Oct 3, 2023 - Economy

Moody's warns about systemic risks in private equity and private credit

Illustration of a bag of money in a pile of dynamite.

Illustration: Aïda Amer/Axios

Private equity has long claimed that it doesn't pose systemic risk to the U.S. or global economies. And so far that's been true.

But, but, but: Credit ratings agency Moody's thinks that positive paradigm might be shifting, per a new report on private credit.

  • It's a fear that's also been hinted at by the FDIC chair, which wants more visibility and oversight of private credit, although neither is yet hitting the panic button.

Behind the scenes: Private equity has based its belief on standard structures whereby portfolio companies are siloed.

  • If one portfolio company fails, it doesn't impact another — even if within the same fund.

What to know: Moody's believes that the number of leveraged buyouts will soon increase, with better credits heading to the syndicated loan market where economies of scale allow for cheaper pricing.
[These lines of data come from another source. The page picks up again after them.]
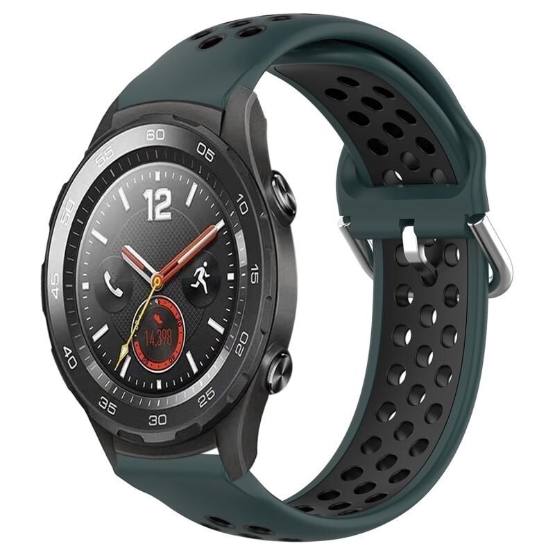 Για το Huawei Watch 2 20 χιλιοστά διάτρητη αναπνεύσιμη αθλητική ζώνη ρολογιού σιλικόνης (πράσινο + μαύρο)
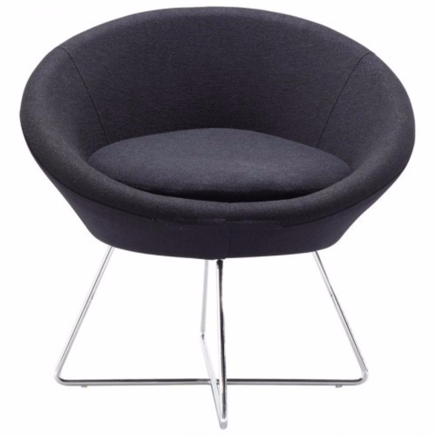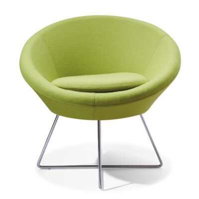 Wide comfortable Fabric upholstered lounge chair with Chrome Cross base
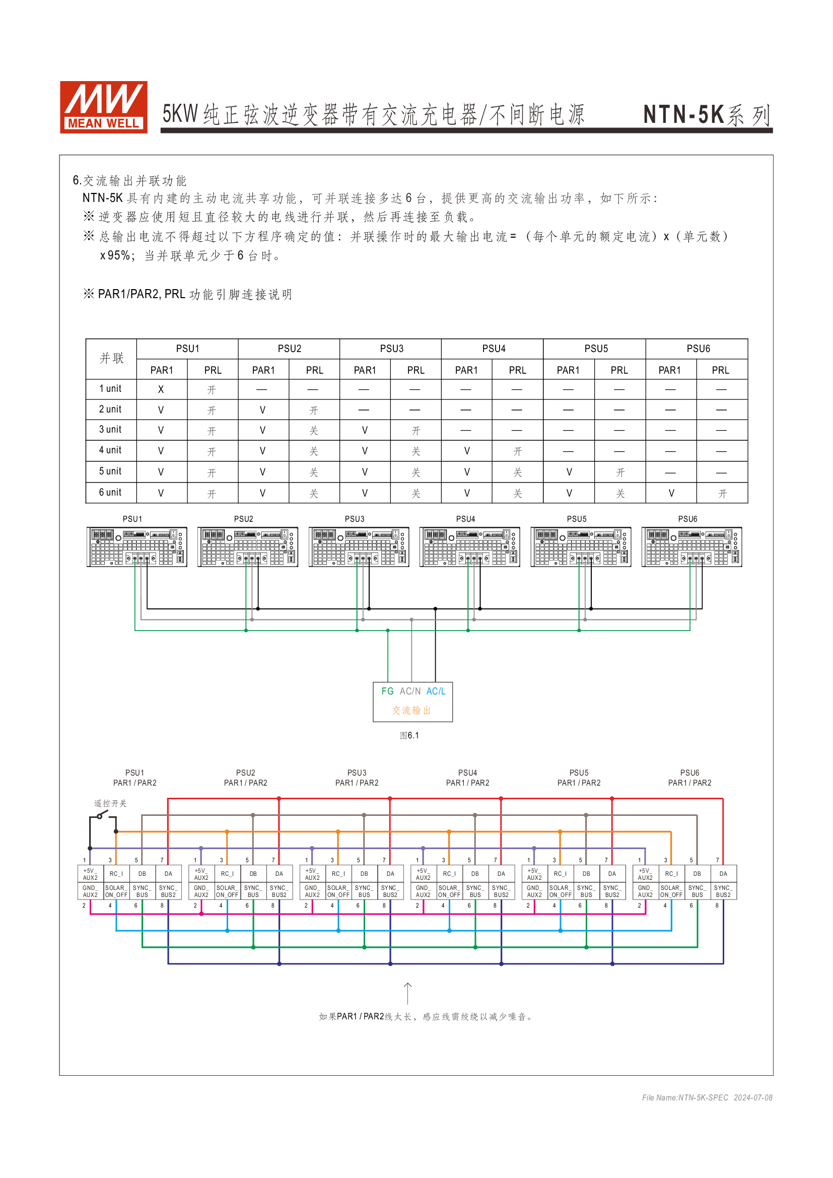 多功能一體機(jī) (AC-DC 充電器 + DC-AC 逆變供載 + AC 旁路供載) AC 市電充電最高可達(dá) 135A /4KW 可提供瞬間功率達(dá) 10KW 并聯(lián)同步運(yùn)行高達(dá) 30KW(5+1 機(jī)組) 多重智能保護(hù)功能: 直流輸入:極性反接/ 低壓告警與關(guān)機(jī)/ 過(guò)壓 /電池過(guò)放電保護(hù) 交流輸出:短路/ 過(guò)載/ 過(guò)溫 內(nèi)建 MODBus 或 CANBus 通訊監(jiān)控 5 年保固

Weaker companies are more apt to stick with private credit, where intense competition among lenders flush with dry powder will lead to laxer terms.

  • Meanwhile, the growing glut of private lenders is masking the sector's consolidation "in a smaller group of larger-scale managers," many of whom also have private equity arms and are either buying or partnering with insurance companies.
  • Moreover, these firms are increasingly sourcing capital from individual investors (including efforts to expand beyond high-net-worth and into retail).

Per Moody's: "All of this is contributing to the development of an ever-expanding, interrelated lending and investing loop...

  • "Another emerging risk is maturity transformation, often a key transmission mechanism for systemic contagion because it can lead to fire sales that then spread to other asset classes ... But it will be difficult to see where risk bubbles may be building, especially since these asset managers are increasingly lending to and borrowing through buying and selling. If one of these large managers were hit with a serious liquidity problem, it would likely spark far more severe credit repercussions in the broader economy."

The big picture: Private equity qua private equity isn't at issue here. Instead, Moody's argues that the industry has gotten too close to lenders that once were more at arm's length, and then a few more arms via syndication.

The bottom line: Predicting the next economic catastrophe has been Wall Street's favorite parlor game since 2008, and the crystal balls typically prove to be cracked.

  • For now, the Moody's warning may fuel calls for further regulation of private credit, particularly in terms of transparency. But, longer term, it could cause private equity investors to be a bit more circumspect when championing their industry's macro safety.